[What you are asked to do]: Exclude the pictures, then quote exactly the lines from the one holding "鑫磊產業(yè)園直流充電樁采購安裝項目招標代理服務詢價公告" through the last line of the records.

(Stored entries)
***

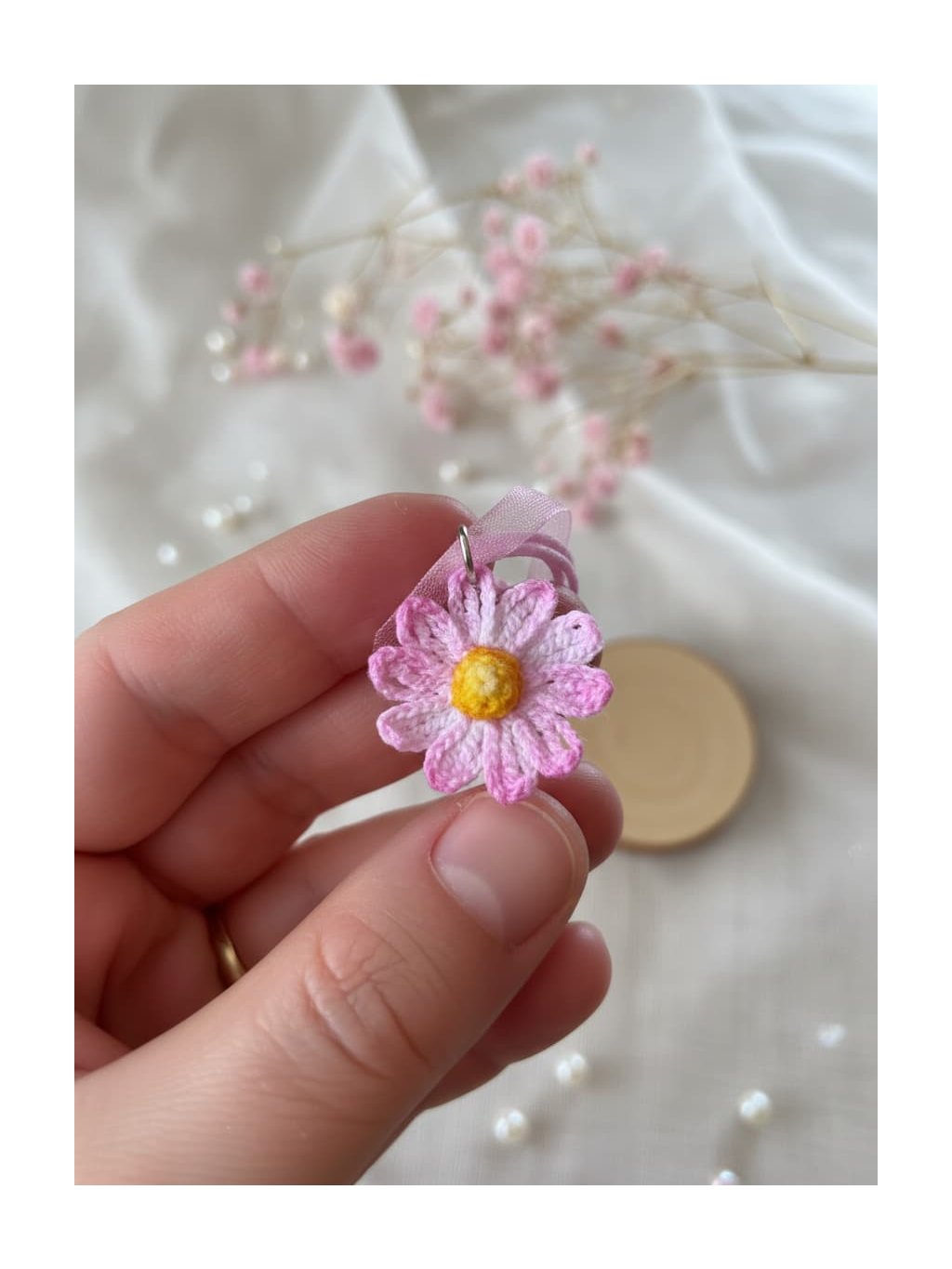• Ručně háčkované květinky: květy háčkuji sama podle svých návodů a inspirace z přírody. Jsou opravdu jemně háčkované tenkou bavlnkou, aby byl tvar co nejvíce reálný. V ČR opravdu unikátní výroba šperků.
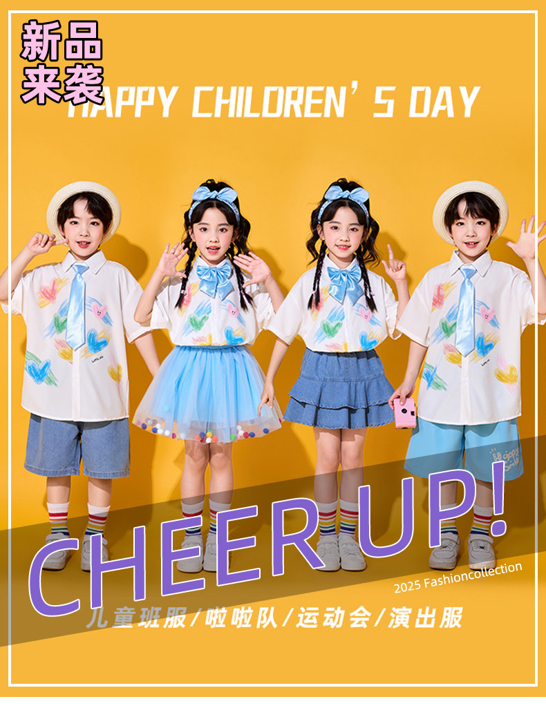 六一儿童啦啦队演出服学院风小学生合唱朗诵表演幼儿园毕业照班服
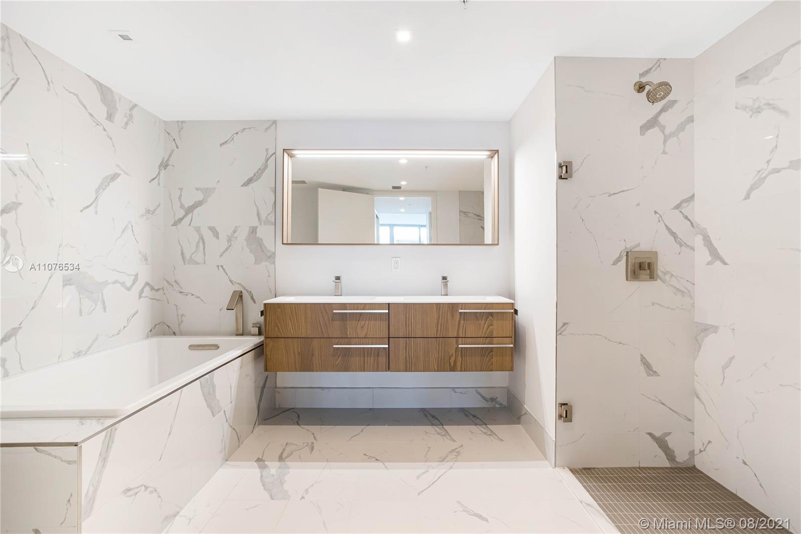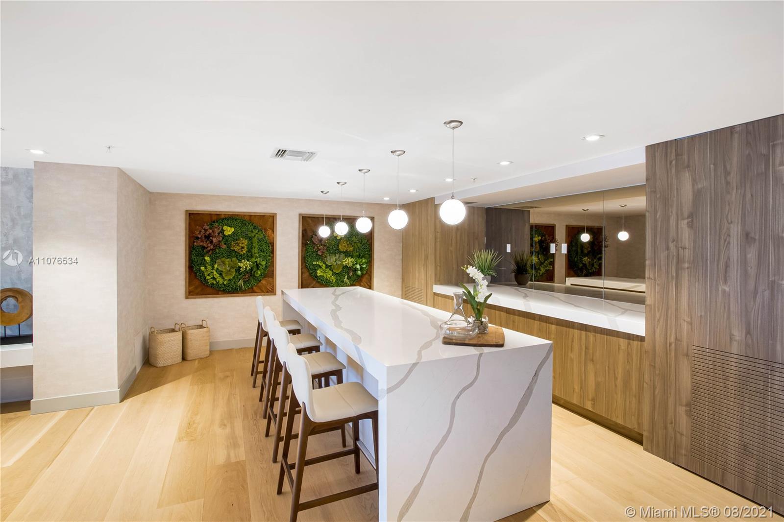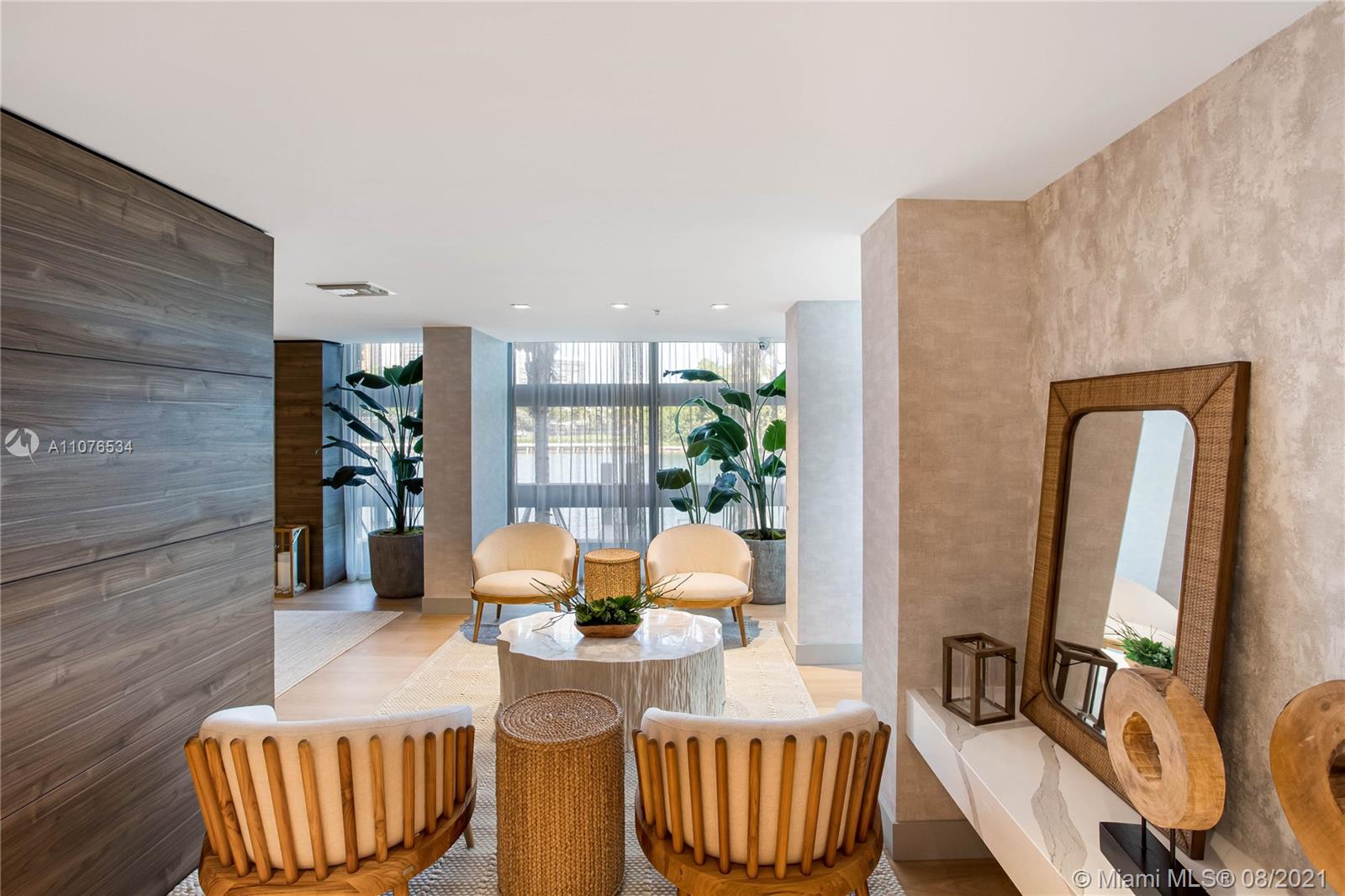 An intimate 9 story waterfront property consisting of only 41 residences. 1 Bedroom plus Den and 2 full bathrooms. 9ft-high ceilings featuring floor-to-ceiling glass windows, Appliances by SubZero® and Wolf® Master bathrooms with stone countertops, double sink vanities and European designed fixtures Key-fob operated elevators for residents, 2 assigned, covered parking spaces per residence –Private storage for each residence. 40 ft long infinity pool w Bay views & Stunning 2 story lobby. Whirlpool overlooking the ocean and Biscayne Bay Poolside lounge area w cabanas and lounge area – Outdoor bar and dining spaces Fire pit with comfortable social seating, bicycles and water sport package including kayaks and paddle boards available for residents.
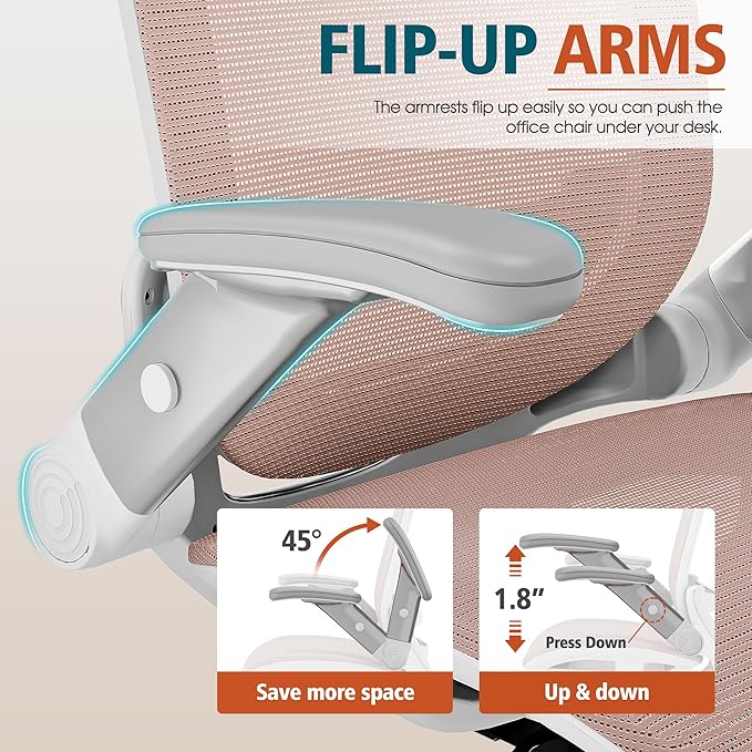 - 【ADJUSTABLE FLIP-UP ARMS】-If you want to make the most of the space under the table or choose a home desk chair for a small space/bedroom, this is the office chair for you! The GABRYLLY ergonomic office mesh chairs' armrest can be folded up(45°) and be adjusted the arms' height(1.8'').
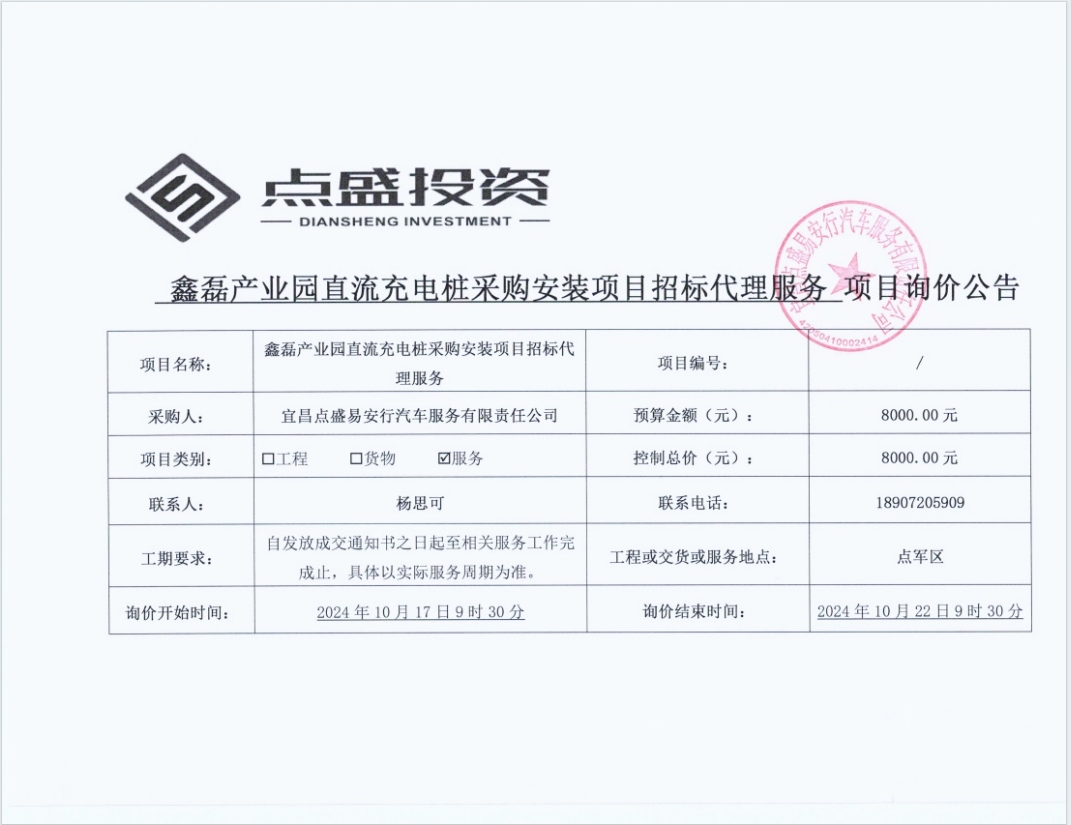 鑫磊產業(yè)園直流充電樁采購安裝項目招標代理服務詢價公告
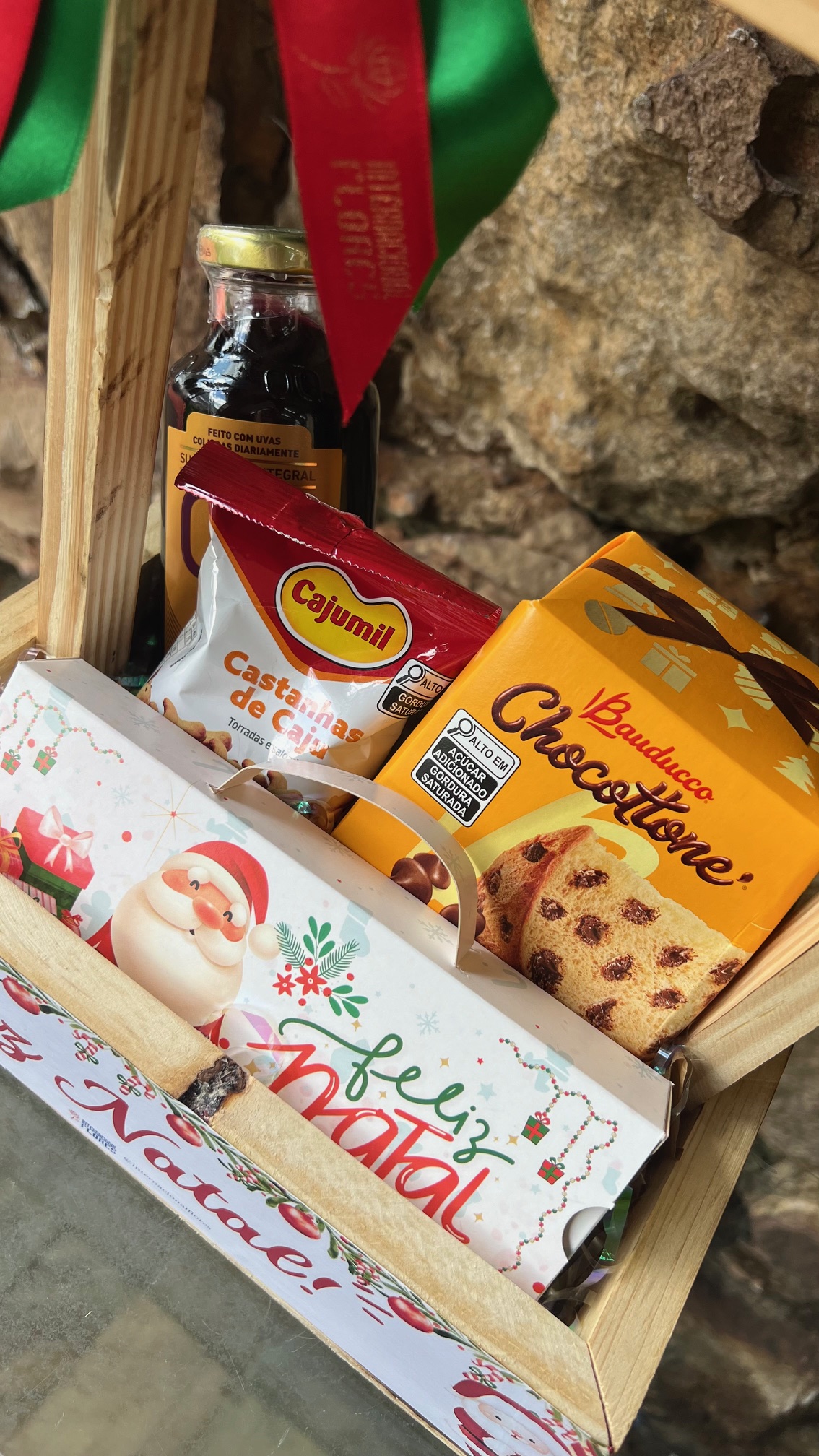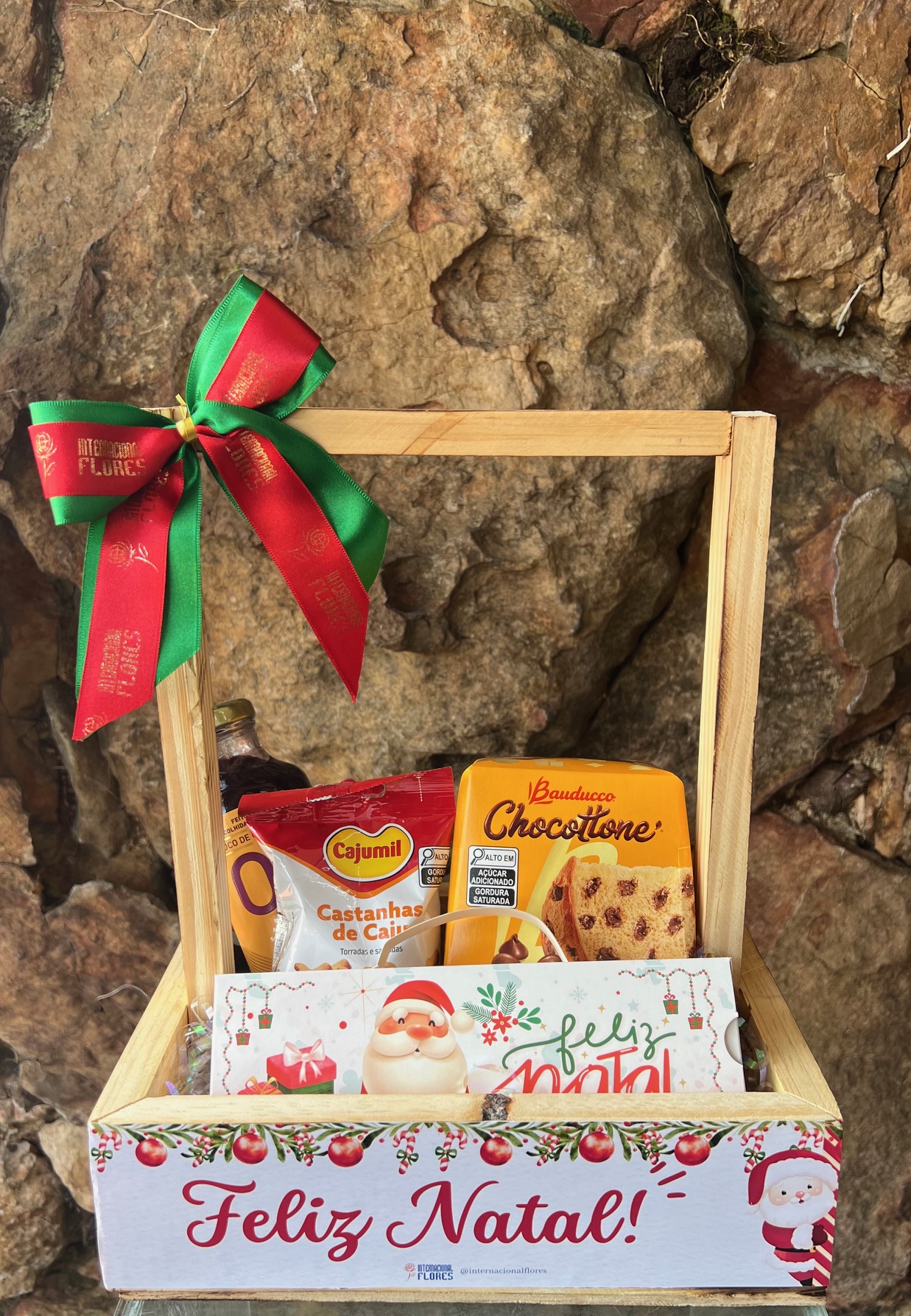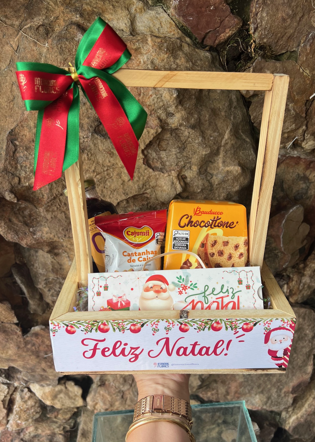 01 Cesta (24x18x29cm) de madeira rústica ou palha com decoração de Natal e adesivo de “Feliz Natal”

***

[Expected answer]:
 鑫磊產業(yè)園直流充電樁采購安裝項目招標代理服務詢價公告
 01 Cesta (24x18x29cm) de madeira rústica ou palha com decoração de Natal e adesivo de “Feliz Natal”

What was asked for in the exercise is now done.